Athletic teams of Western Carolina University

SoCon's logo in Western Carolina's colors

The Western Carolina Catamounts are the intercollegiate athletics teams that represent Western Carolina University. The Catamounts compete in the NCAA Division I as members of the Southern Conference. Western Carolina fields 16 varsity sports teams.

==Nickname==
The nickname Catamount derives from cats of the catamount variety, including the bobcat, that roams the southern Appalachian Mountains where the school is located. The nickname evolved from a contest that was held on campus in 1933. The school was called Western Carolina Teachers College at that time and its teams were known as "the Teachers". Everyone on campus was invited to participate, and the usual names were suggested: Bears, Indians, Panthers. However, the college wanted an unusual name; a name that few others had and that everyone would not copy. The contest came down to Mountain Boomers, a small ground squirrel that scampers about the woods and is extremely difficult to catch, and Catamounts. Catamounts was the favorite of head football coach C.C. Poindexter and was the nickname chosen. Poindexter wanted his players to be Catamounts with "fierce spirit, savage attacks, and lightning quick moves." Paws the Catamount is the official mascot of Western Carolina University. He appears at numerous events and functions across western North Carolina.

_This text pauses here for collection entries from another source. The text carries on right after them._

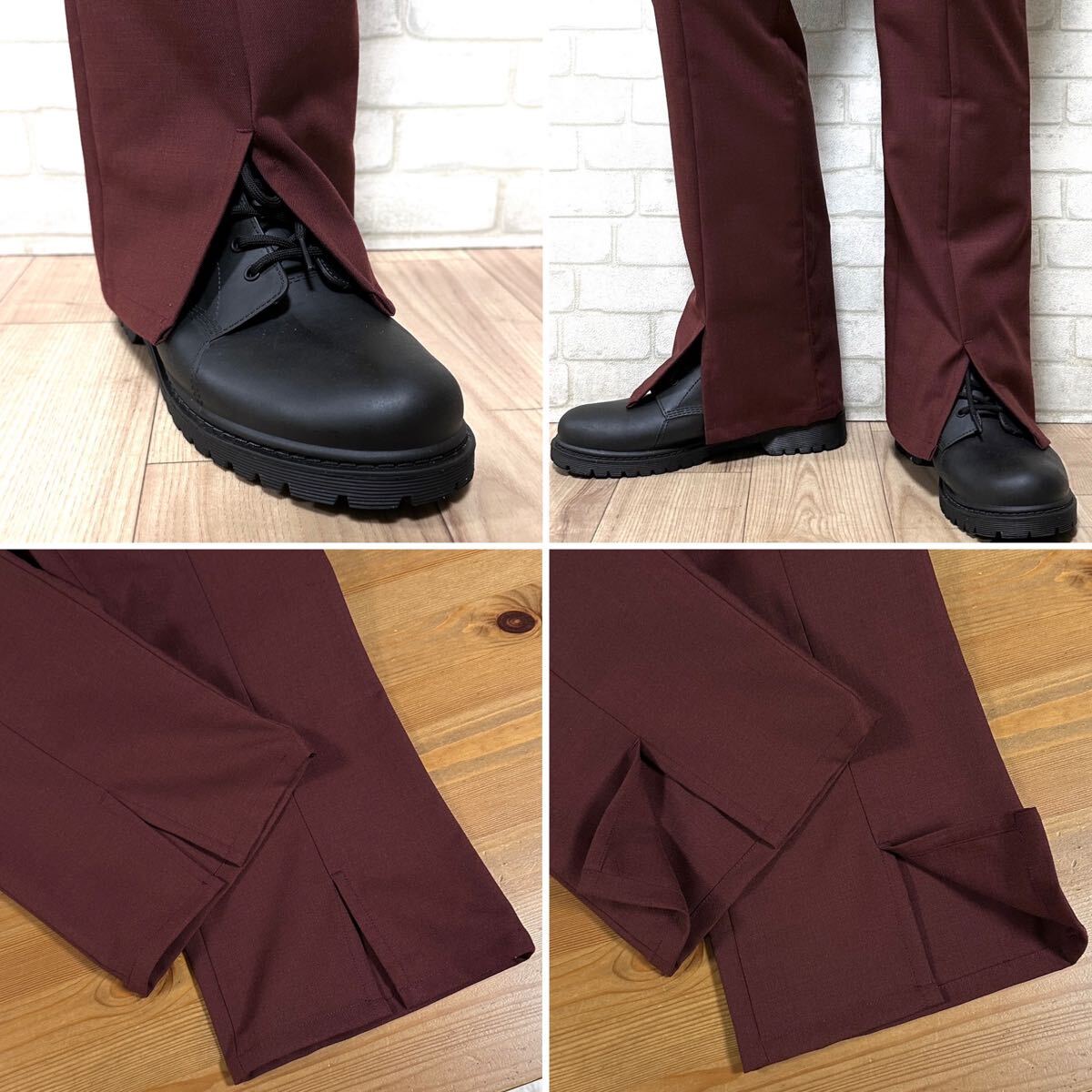 ☆センタースリットを入れたトラウザーパンツ。ブーツカットにすることで着用時のシルエットが魅力の一本。ジャケットやシャツと合わせたキレイめなスタイルから、ブルゾンやスウェット、カットソーと合わせたカジュアルなスタイルまで幅広く合わせられるアイテムです。
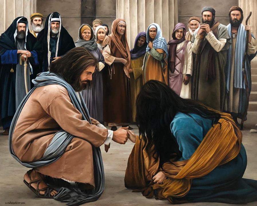 João 8:2-11 ; a mulher pega em um ato de adultério.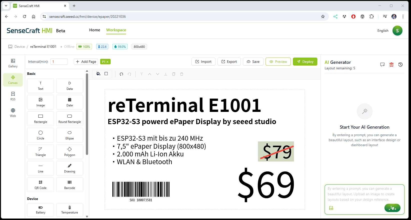 Die KI generiert daraufhin automatisch ein komplettes Layout, das direkt auf dem reTerminal E1001 angezeigt werden kann.

Western Carolina is the only football-playing school in the United States that uses the nickname Catamounts. The University of Vermont is the only other school with the moniker.

==Sports sponsored==
A member of the Southern Conference, Western Carolina sponsors teams in 6 men's and 8 women's NCAA sanctioned sports:

| Men's sports | Women's sports |
|---|---|
| Baseball | Basketball |
| Basketball | Cross country |
| Cross country | Golf |
| Football | Soccer |
| Golf | Softball |
| Track and field | Tennis |
|  | Track and field |
|  | Volleyball |

===Baseball===
- Head Coach: Alan Beck
- Stadium: Ronnie G. Childress Field at Hennon Stadium
- Southern Conference Championships: 23 (13 regular season; 10 tournament)
- NCAA Tournament Appearances: 12 (14–24 overall record)
- MLB Alumni: 10

The Catamounts baseball team has reached the NCAA tournament 12 times, including five straight years from 1985 to 1989, three straight years from 1992 to 1994, and four other times in 1997, 2003, 2007, and 2016. They have made it to the Regional Finals three times in 1992, 2003, and 2007.

===Men's basketball===

- Head Coach: Tim Craft
- Arena: Liston B. Ramsey Regional Activity Center
- Southern Conference Championships: 1 (1996)
- Southern Conference Division Titles: 3 (South, 1996; co-North, 2009 & 2011)
- NCAA Tournament Appearances: 1 (1996)
- NBA Alumni: 5

The Catamounts men's basketball team reached the NCAA tournament in 1996, where they dropped their only game against No.1 seed Purdue, 73–71. Western Carolina nearly became the first No.16 seed to beat a No.1 seed in the NCAA tournament, missing two shots in the final 11 seconds to tie the game.

===Women's basketball===

- Head Coach: Kiley Hill
- Arena: Liston B. Ramsey Regional Activity Center
- Southern Conference Championships: 2 (2005, 2009)
- NCAA Tournament Appearances: 2 (2005, 2009)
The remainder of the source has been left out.